* _WHAT IS REQUIRED_: From the first line to the last, set down the material exactly and drop every picture.

* _DATA EXTRACT_:
********************

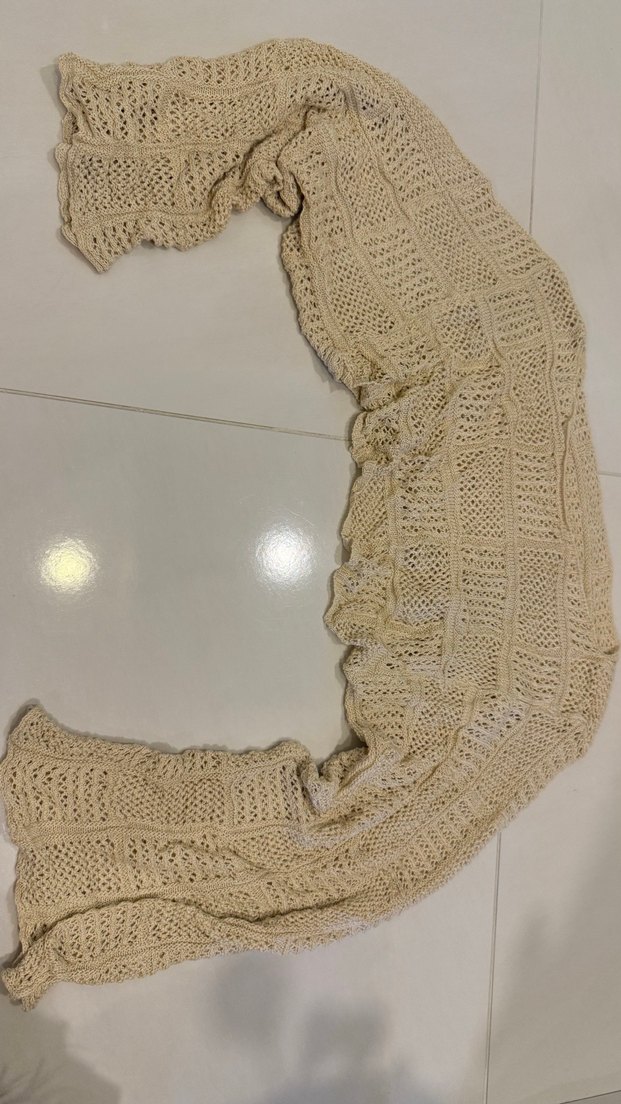 Bej renkte, örgü kumaştan yapılmış, uzun ve vücuda oturan, kayık yaka ve ince askılı kollara sahip bohem tarzda kadın kazak. Rahat kullanım için uygundur.
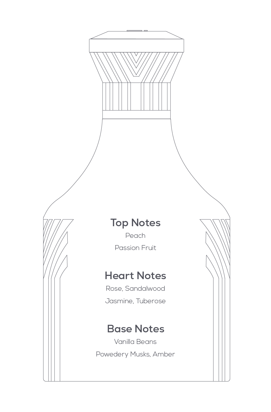 沉浸在令人安心的果香花香中,其清新的百香果和桃子顶调引领着夜来香、茉莉、玫瑰和柔滑檀香木的明亮心调。粉质麝香、琥珀和香草基调增添温暖,营造出令人无法抗拒的氛围,让您沉醉在纯粹的魅力之中。
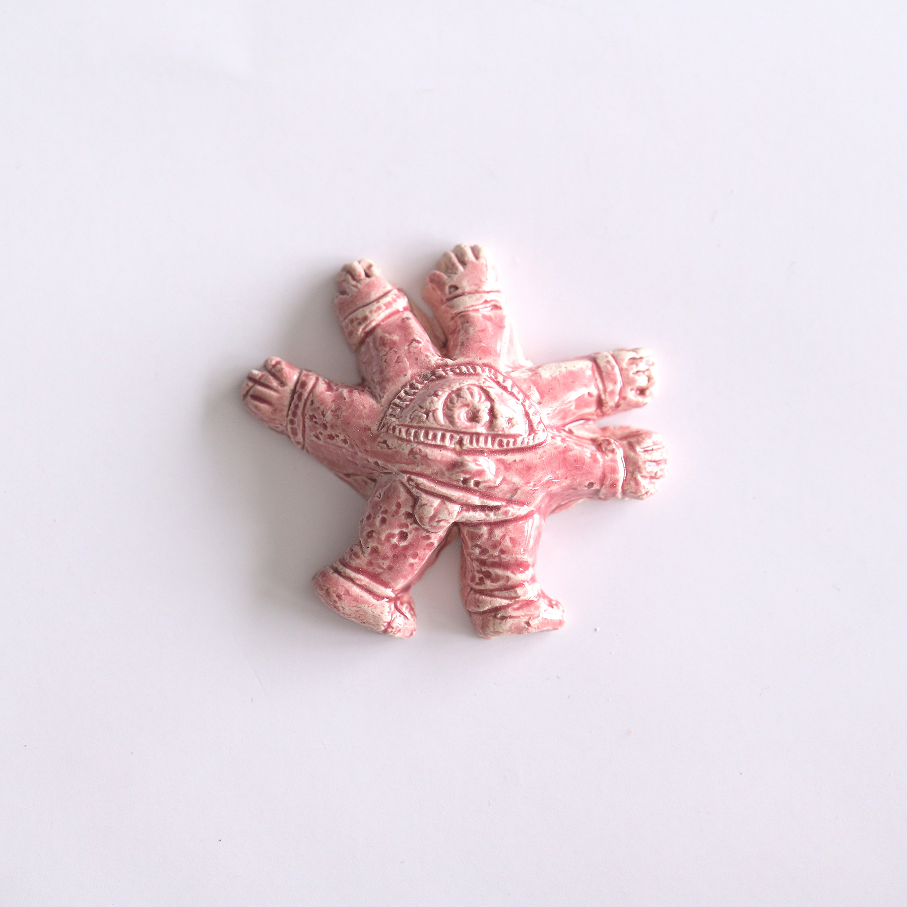 Миниатюрные изделия, выполненные из керамики и закреплённые на булавке с обратной стороны.

********************

* _RESULT_:
 Bej renkte, örgü kumaştan yapılmış, uzun ve vücuda oturan, kayık yaka ve ince askılı kollara sahip bohem tarzda kadın kazak. Rahat kullanım için uygundur.
 沉浸在令人安心的果香花香中,其清新的百香果和桃子顶调引领着夜来香、茉莉、玫瑰和柔滑檀香木的明亮心调。粉质麝香、琥珀和香草基调增添温暖,营造出令人无法抗拒的氛围,让您沉醉在纯粹的魅力之中。
 Миниатюрные изделия, выполненные из керамики и закреплённые на булавке с обратной стороны.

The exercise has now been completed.